Word for word, output every line of the material below, minus pictures.

+++ DATASET EXCERPT +++

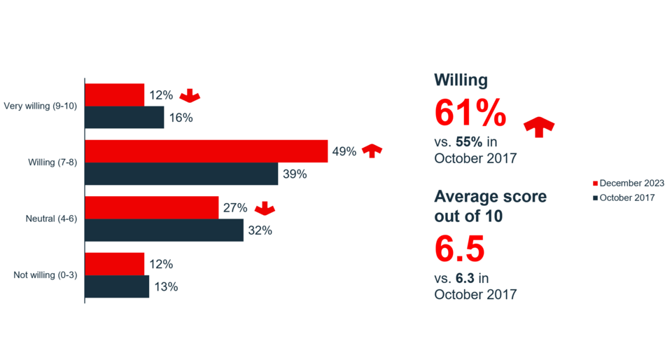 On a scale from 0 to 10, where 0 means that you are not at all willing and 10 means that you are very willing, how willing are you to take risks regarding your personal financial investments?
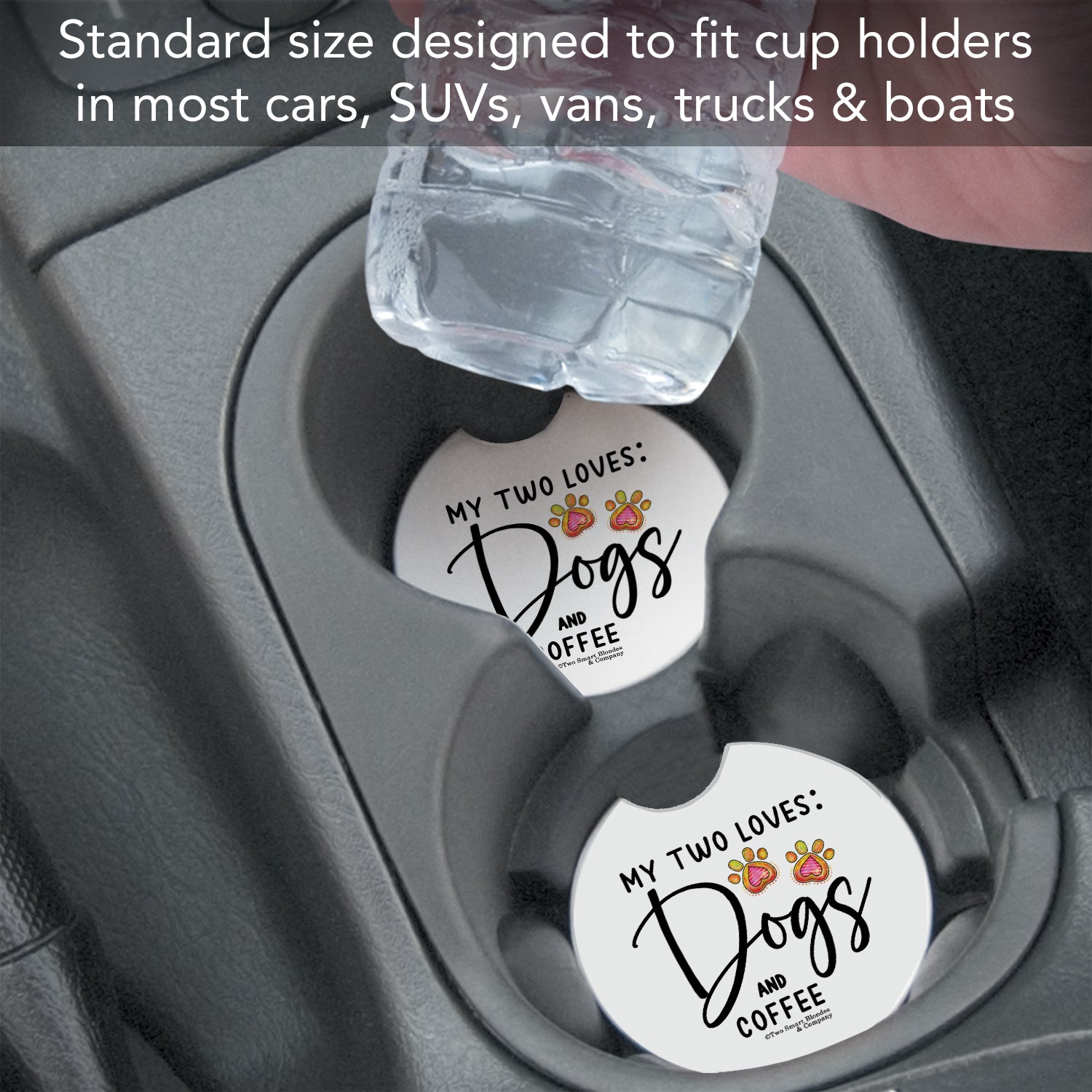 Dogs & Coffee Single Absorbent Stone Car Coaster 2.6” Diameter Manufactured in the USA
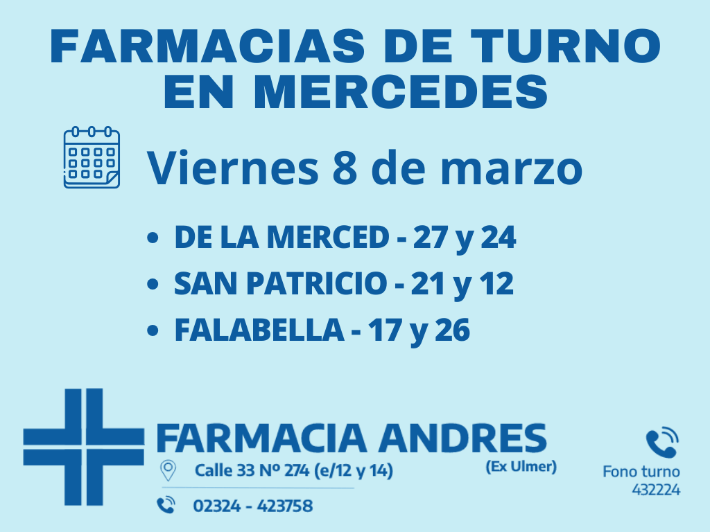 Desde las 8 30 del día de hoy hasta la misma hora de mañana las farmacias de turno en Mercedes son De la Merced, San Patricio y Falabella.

+++

> RESPONSE
 On a scale from 0 to 10, where 0 means that you are not at all willing and 10 means that you are very willing, how willing are you to take risks regarding your personal financial investments?
 Dogs & Coffee Single Absorbent Stone Car Coaster 2.6” Diameter Manufactured in the USA
 Desde las 8 30 del día de hoy hasta la misma hora de mañana las farmacias de turno en Mercedes son De la Merced, San Patricio y Falabella.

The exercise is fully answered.